On June 30, 1934, the lumber inventory at the Red Lake Indian Sawmill was 10,521,585 board feet, or about twice the average amount of lumber produced annually during the preceding years when the sawmill was in operation. On June 30, 1936, the lumber inventory amounted to 7,792,869 board feet, much of this inventory being of the lower grades and lumber that had deteriorated through stain and rot. On June 30, 1936, the lumber inventory was valued at $51,417.88, and during the fiscal year ending June 30, 1937, 3,166,707 board feet of logs were converted into 3,414,460 board feet of lumber. ...
The United States Government continues to exploit the Ahnishinahbæótjibway forests. Truckload after truckload of mostly pulpwood presently goes out of the Reservation, profiting White-owned corporations and yielding a kickback to White Indian timber brokers. It was calculated that in the last thirty years, enough lumber had been cut at Red Lake to go around the world twice. There has been no lasting economic development to show for this, although large areas of forest have been demolished, left as clear-cut littered with piles of slash.
Complementing the resource-extraction economics promoted by the United States Government is an unemployment rate on the Reservation which ranges between 50% and 90%, depending on who is counted as employable and the definition of "employed," and an economic system based on transfer payments: government employment and welfare. Many of the Métis and White Indians have developed a co-dependent relationship with the government based on welfare. Augmented by the Indian programs available to Indian families, some manage a reasonably comfortable existence on a combination of B.I.A. welfare and county payments. The Ahnishinahbæótjibway have a much more difficult time getting welfare, even in cases of genuine need; state and federal welfare regulations are circumvented by throwing these peoples' applications in the trash as soon as they leave the Agency building. The larger problem is not only the economic hardship sustained by the Aboriginal Indigenous people, but that the Reservation has a high percentage of Métis and Euro-Indian welfare recipients. Their use of welfare is used to justify other so-called Social Services Programs, which are shielded from scrutiny both under the cloak of so-called "Indian Sovereignty," and by fallaciously categorizing Ahnishinahbæótjibway as "Indians" and obscuring what is happening to a minority of Aboriginal Indigenous people obscured in the mass of total Indian statistics. Some of the Social Services programs at Red Lake, as they are applied to the Ahnishinahbæótjibway, are in current violation of the International Convention for the Prevention and Punishment of Genocide.
Sustainable and permaculturally-healing economic development, owned by the Ahnishinahbæótjibway, the Dodems, is needed.
I have spent my life hearing "hey, Chief," and "Indian!" I am neither one of these; what the Lislakhs have created is not my identity.

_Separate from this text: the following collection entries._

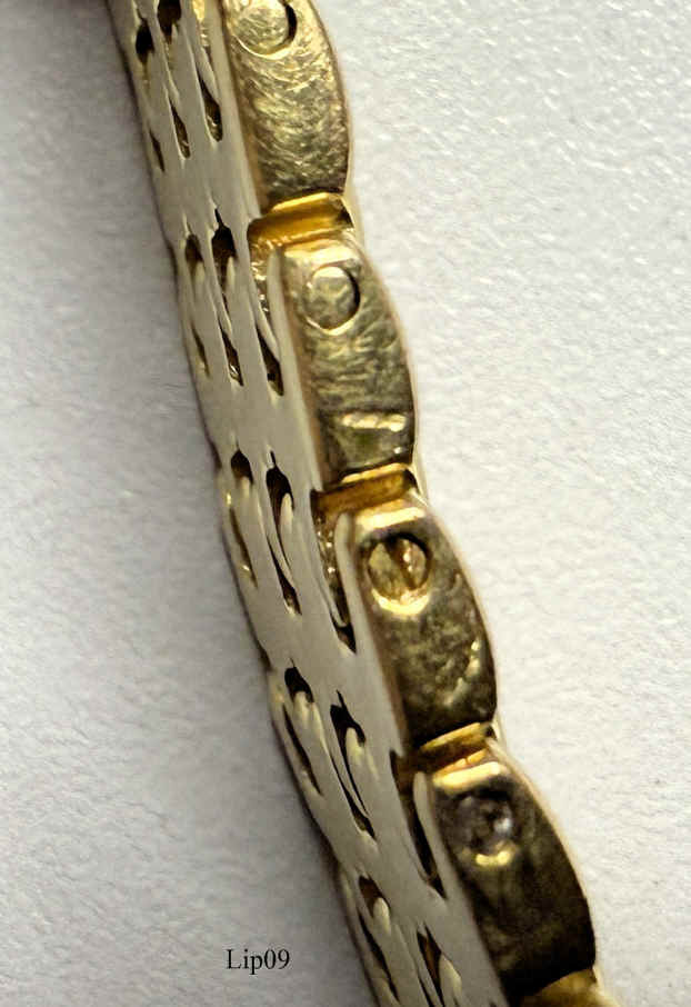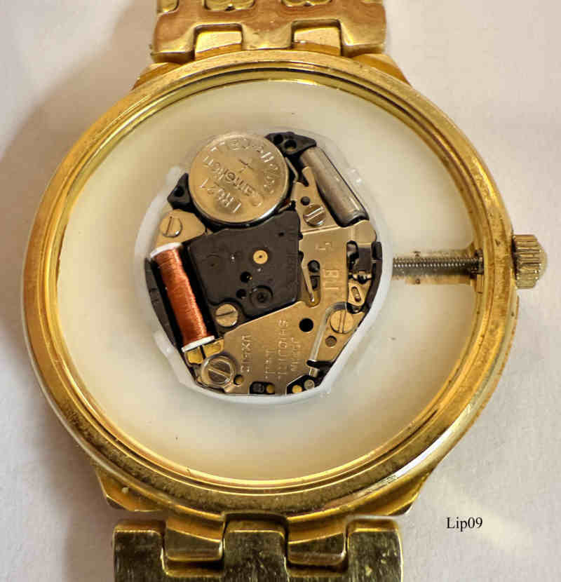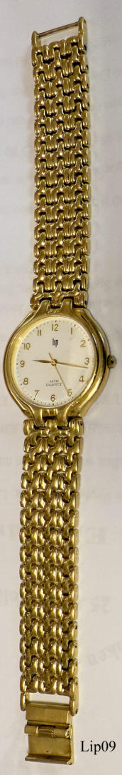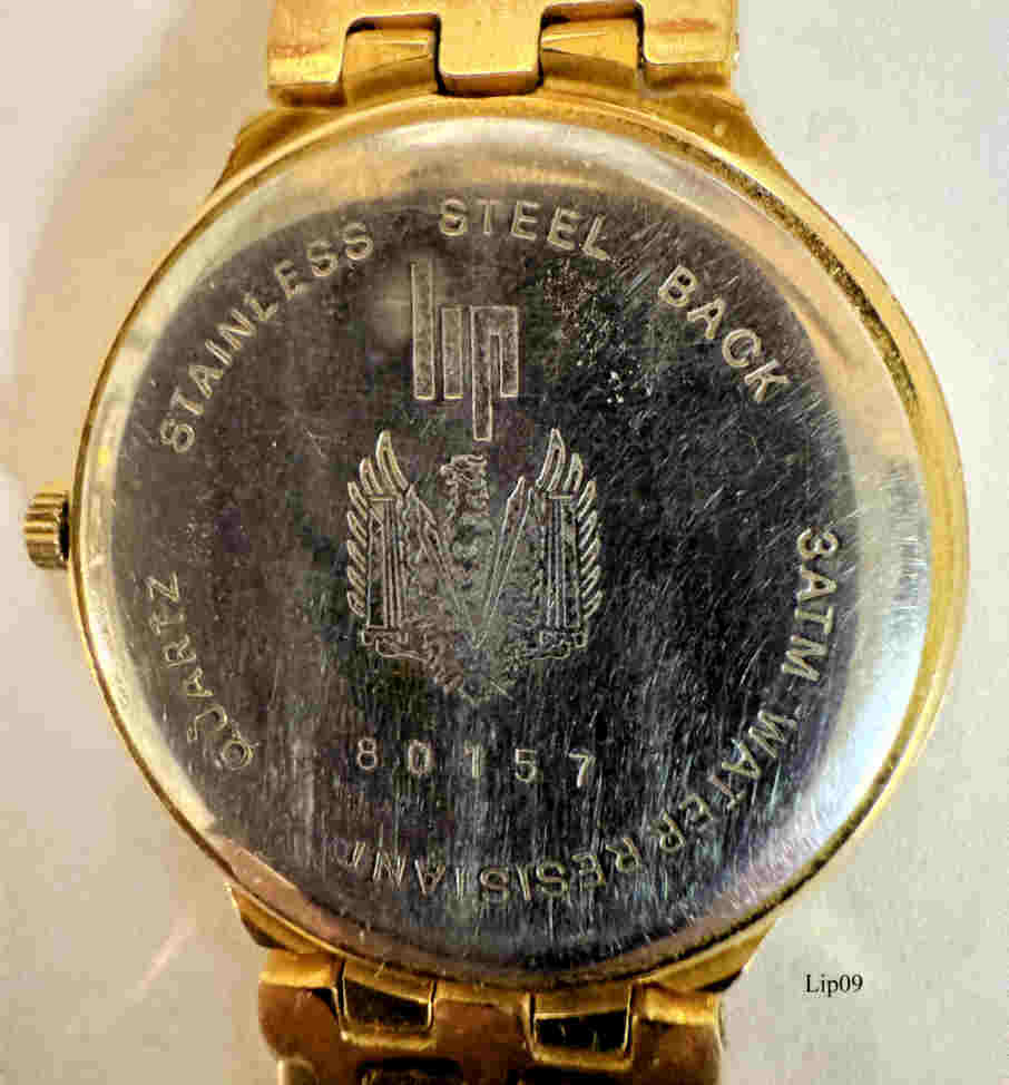 Dies ist eine Damen Quartz Armbanduhr from Lip, mit einem interessanten integrierten Metall Gliederarmband. Beschriftet vorn: ”Lip, 3 ATM, Quartz”, hinten: “Stainless Steel Back, 3 ATM Water Resistant, 80157”, innen: ”Japan, Shiojiri Ltd., UX51C”. Die Bandglieder sind von beiden Seiten zur Mitte hin verschraubt
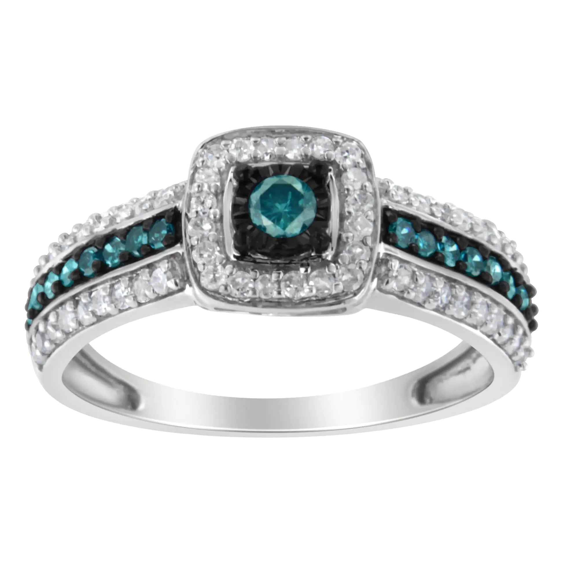 .925 Sterling Silver Treated Blue Miracle-Set Diamond Engagement Ring (1/2 Cttw, J-K Color, I1-I2 Clarity)
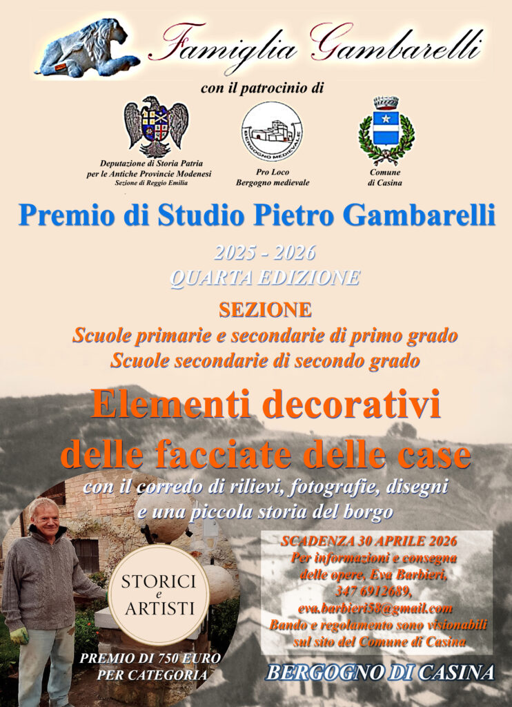 È indetto dalla famiglia Gambarelli, con il patrocinio della Deputazione di Storia Patria per le Antiche Provincie Modenesi – Sezione di Reggio Emilia, del Comune di Casina e della Pro Loco Bergogno Medievale.
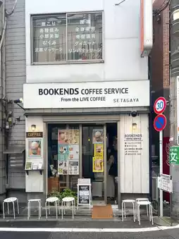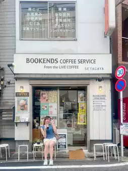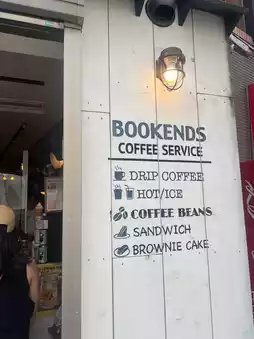 We stumbled upon this cute little cafe, "Bookends Coffee Service." It's a small shop with a beautiful photo opportunity, perfect for a relaxing break.

Making it rain, living in a teepee, tomahawks and tom-toms, woo-woo-war-whoops and smoke signals are all Hollywood stereotypes, subsidized as Indian culture by the U.S. Government and promoted by both the Whites and their Indians--and are as obsolete as Amos 'n Andy. These stereotypes have nothing to do with the reality of Aboriginal Indigenous people, and need to come to an end. In their arrogance, and in their fear, the Euro-Americans know almost nothing about the Aboriginal Indigenous people of this Continent. They have extensively studied their Indians, but have not dared to learn about us because of what they would learn about themselves, and about their violent hierarchical society. I have watched many of these people go into denial when confronted with the truth about their own society. Some have told me, "the truth hurts," or "your writing is like a punch in the nose." I can understand their denial, because their tenure on this Continent is based on layer upon layer of lies so deep that the truth has become invisible to them. By understanding the Euro-Americans' language, and studying their behavior and thought patterns through their language, I can see who they are. They live in a maze of unreal dichotomies. Many believe that they are telling the truth, but beyond the boundaries of their language, they are lying.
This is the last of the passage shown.